In Consuming Desires, Frances Hasso offers an important and timely account of customary marriages in Egypt and the United Arab Emirates (UAE) in the context of "family crisis" discourses as produced by state institutions. Highlighting the emergence of new sexual and marital practices, the book demonstrates how these phenomena intersect and contrast with state policies which aim to foster national development, among others by standardization and legislation in the field of personal status domains. While these policies are often defined as serving the well-being of the family and gender equality, one of Hasso's main arguments throughout the book is that the expansion of state power over family affairs is making women further dependent on undemocratic and authoritarian states that have absorbed systems of (in)equality only if it serves state interests.

In Chapters 1 and 4, the reader is offered a detailed overview of personal status legislation in Egypt and the UAE. Referring repeatedly to studies on Ottoman court records, she contrasts the old system — where legal flexibility gave qadis more possibilities to profess a women-friendly attitude — with the modern one — where the legal system became rigid due to codification and new procedures. Nowadays, judges are trained to simply apply written rules, according to Hasso. But where shari'a courts were not necessarily an arena of legal flexibility and autonomy, judges in codified legal systems are not simply bouche de la loi as the book seems to imply. Hence, it is of great importance to compare both classical Islamic jurisprudence and modern shari'a-based legislation against actual rulings and court practices.

While Middle Eastern and North African states produce and reinforce "family crisis" discourses in which phenomena such as higher rates of singlehood, exogamy, and secret marriages are attributed to economic factors, consumerism, and Westernization, Hasso rightly argues in Chapter 2 that these occurrences are related to and interact with changing indigenous practices and norms concerning sexuality, gender relations, and marriage. Hasso thus defines the customary marriages discussed in the book as relatively recent practices that "violate not only state registration but often witness, maintenance, housing, and other long-standing [social] expectations, such as agreement of the woman's male guardian ..." (p. 81). She says that what most distinguishes them from other unregistered marriages is that the former are kept secret, not only from state authorities but also from parents and other family members.
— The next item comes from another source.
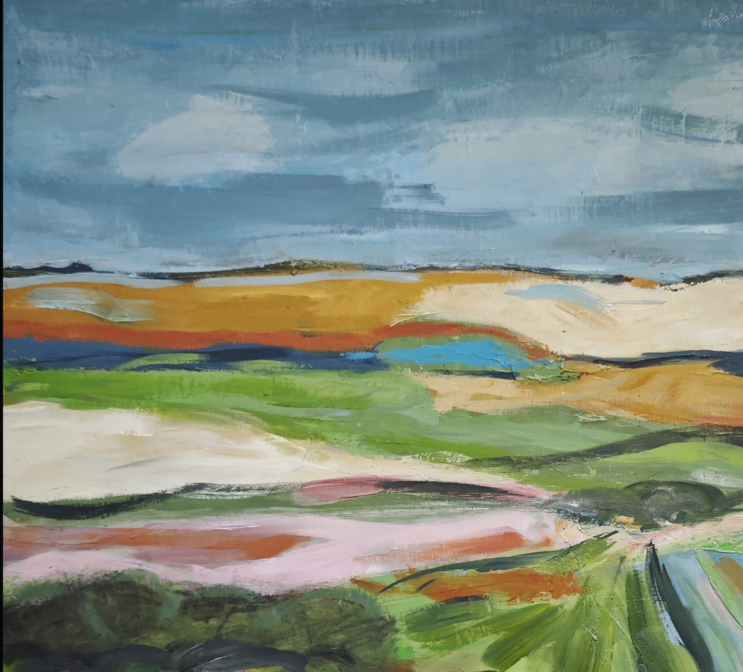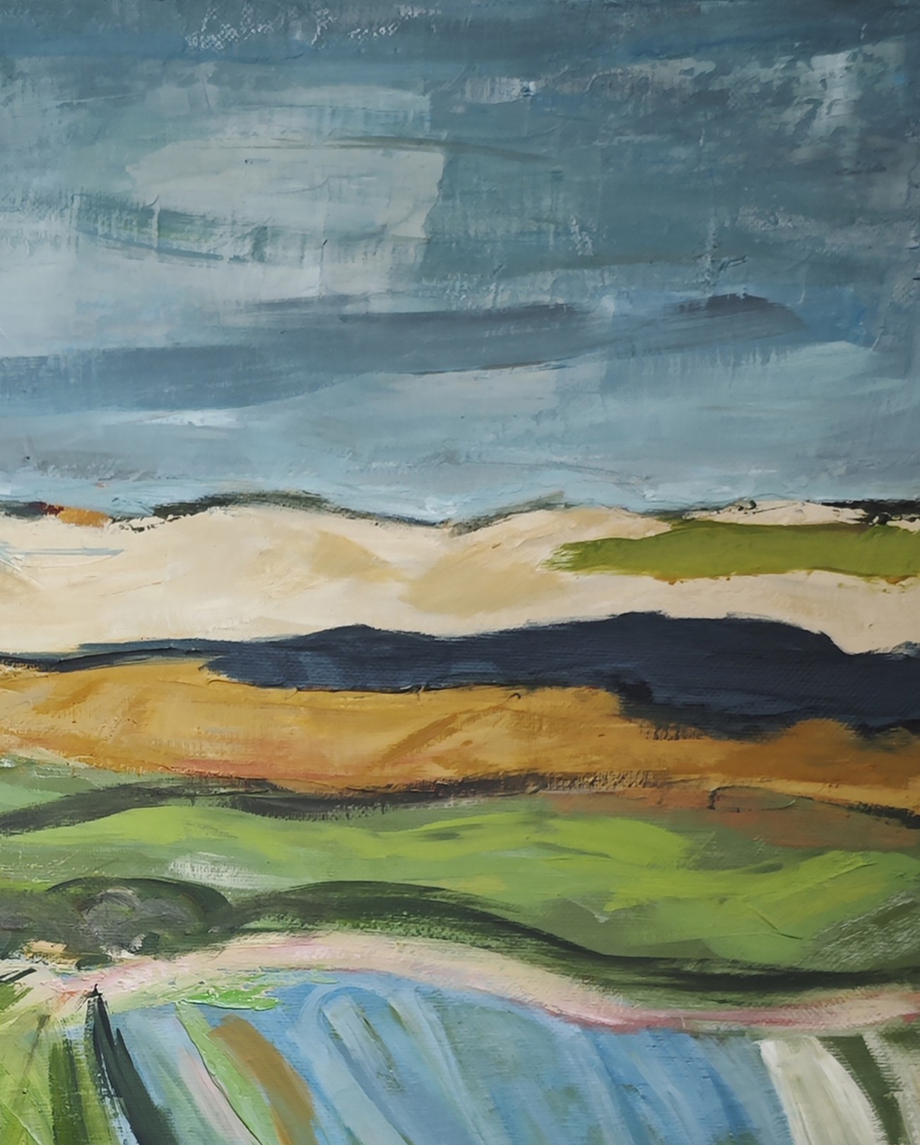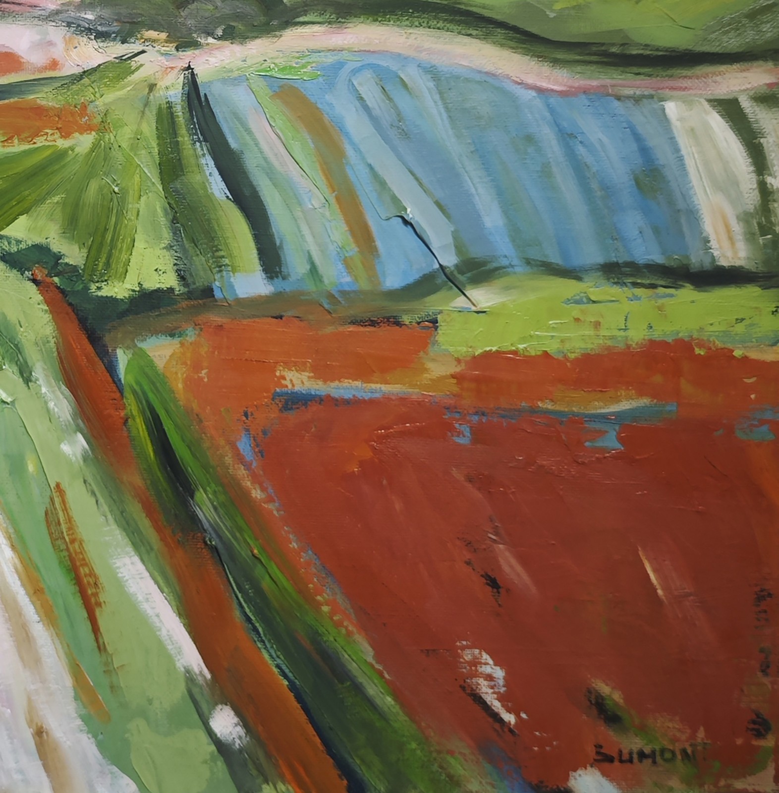 Cadence Pastorale by Sophie Dumont captures the quiet rhythm of the countryside, offering a moment of peace within a vast landscape. Through expressive brushstrokes and a vibrant yet natural palette, Dumont evokes rolling hills and open skies with a painterly style that blends representation with abstract expression. The sense of movement, wind through the grass, drifting clouds, brings the scene to life, while the textured art adds depth, playing with light and shadow. This piece celebrates nature’s simple beauty, inviting viewers to linger and explore. Discover more of Dumont’s work and her distinctive approach to the landscape.

In this light, it is not entirely clear why Hasso discusses in the next section the phenomenon of so-called misyar marriages: polygamous relationships in which men are usually exempted from providing housing and sustenance to the second wife. While misyar marriages do not violate state registration, at least not in the United Arab Emirates, these registered marriages nevertheless have secrecy vis-à-vis the first wife as a key aspect. Moreover, while men often want to keep the second marriage secret from the first wife, women might opt for such a relationship precisely because they want to obtain the public status of a married woman. 1 In that sense, the book would have benefitted from including the narratives of women involved in "secret" marriages. It would have shed more light on the relationship between women's reasons for concluding such marriages and new expectations and practices concerning gender in Egypt and the UAE. [End Page 522]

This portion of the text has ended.